The difference with map is map operates on the entire record.

rdd = sc.parallelize((("a", (1,2,3)), ("b", (3,4,5)),("a", (1,2,3,4,5))))
def f(x): return len(x)
rdd.mapValues(f).collect()
[('a', 3), ('b', 3), ('a', 5)]

What is join in pyspark?

When called on datasets of type (K, V) and (K, W), returns a dataset of (K, (V, W)) pairs with all pairs of elements for each key.

Find the subtotal for each ORDER_CUSTOMER_ID by using join

ord = sc.textFile('data/Orders')
ordItems = sc.textFile('data/Order_items')
ordMap=ord.map(lambda x : (x.split(',')(0),x.split(',')(2)))
ordItemsMap=ordItems.map(lambda x : (x.split(',')(1),x.split(',')(4)))
findSubtotalForCust = ordMap.join(ordItemsMap)

join / leftouterjoin / intersection

rdd1 = sc.parallelize([('a', 1), ('b', 4), ('c',10)])
rdd2 = sc.parallelize([('a', 4), ('a', 1), ('b', '6'), ('d', 15)])

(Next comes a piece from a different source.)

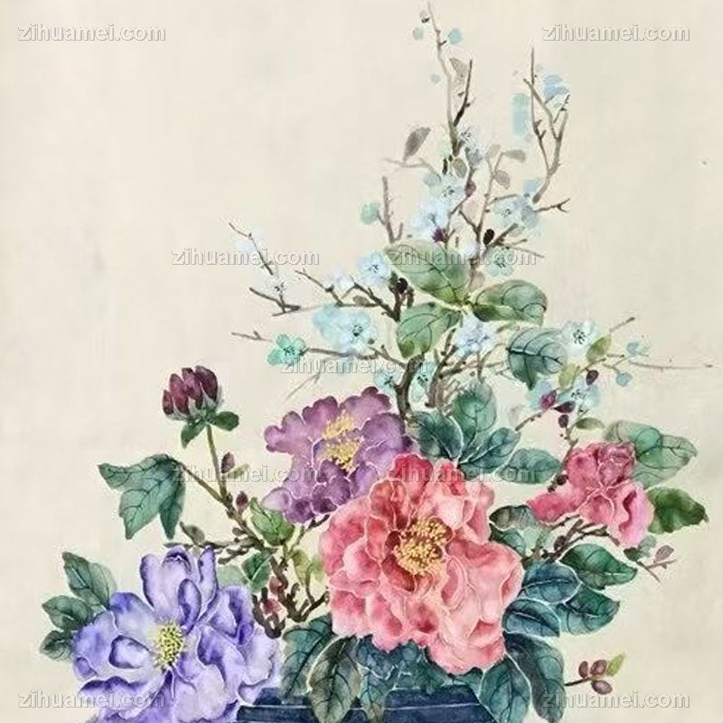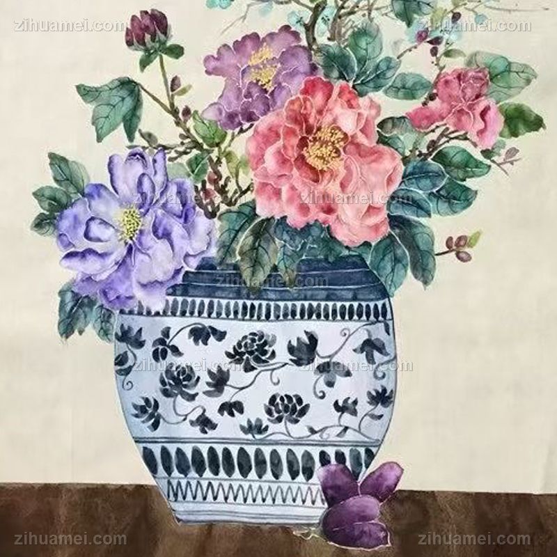 桌子上的花卉花瓶中式水墨国画没骨花卉作品 手绘
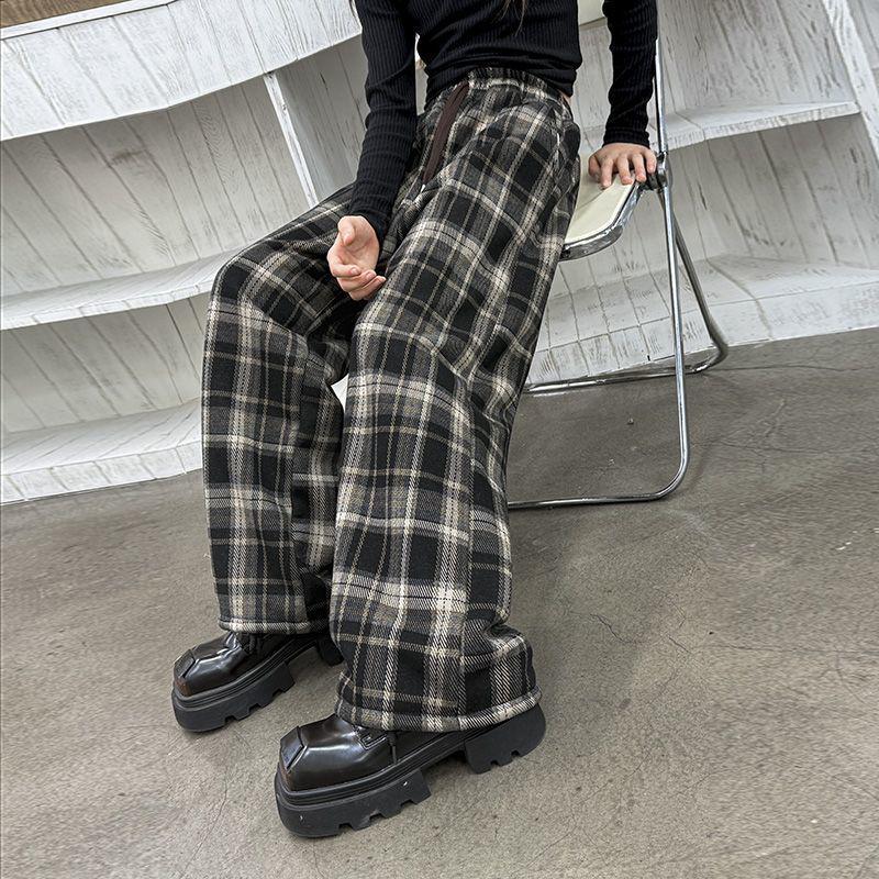 Crafted from durable EVA material, these stylish plaid wide-leg barrel pants are the perfect addition to any young girl's autumn and winter wardrobe. Designed to combine comfort with flair, these casual trousers feature a trendy plaid pattern and a roomy wide-leg fit, ensuring ease of movement. Ideal for playdates or family outings, they offer a versatile fashion staple that can be dressed up or down to suit any occasion.

rdd3 = rdd1.leftOuterJoin(rdd2)
rdd3.take(5)
[('b', (4, '6')), ('c', (10, None)), ('a', (1, 4)), ('a', (1, 1))]
rdd4 = rdd1.join(rdd2)
rdd4.collect()
[('b', (4, '6')), ('a', (1, 4)), ('a', (1, 1))]

reduce

data_from_file.map(lambda row: row[2]).reduce(lambda x, y: x + y)
'cds'
data_from_file.count()
3

What is cogroup in pyspark?

When called on datasets of type (K, V) and (K, W), returns a dataset of (K, (Iterable, Iterable)) tuples.

Give me an example of cogroup

x = sc.parallelize((("a", 1), ("b", 4)))
y = sc.parallelize((("a", 2)))
xy = x.cogroup(y)

What is cartesian in Pyspark?

Perform a cross join. Give me an example of cartesion in Pyspark

rdd13 = sc.parallelize((1,3,2))
sorted(rdd.cartesian(rdd).collect())
[(('a', (1, 2, 3)), ('a', (1, 2, 3))),
 (('a', (1, 2, 3)), ('a', (1, 2, 3, 4, 5))),
 (('a', (1, 2, 3)), ('b', (3, 4, 5))),
 (('a', (1, 2, 3, 4, 5)), ('a', (1, 2, 3))),
 (('a', (1, 2, 3, 4, 5)), ('a', (1, 2, 3, 4, 5))),
 (('a', (1, 2, 3, 4, 5)), ('b', (3, 4, 5))),
 (('b', (3, 4, 5)), ('a', (1, 2, 3))),
 (('b', (3, 4, 5)), ('a', (1, 2, 3, 4, 5))),
 (('b', (3, 4, 5)), ('b', (3, 4, 5)))]

Give me some Aggregation Operations in Spark

There are several APIs to perform aggregation Operations. •

  • Total aggregations – reduce, count (Actions)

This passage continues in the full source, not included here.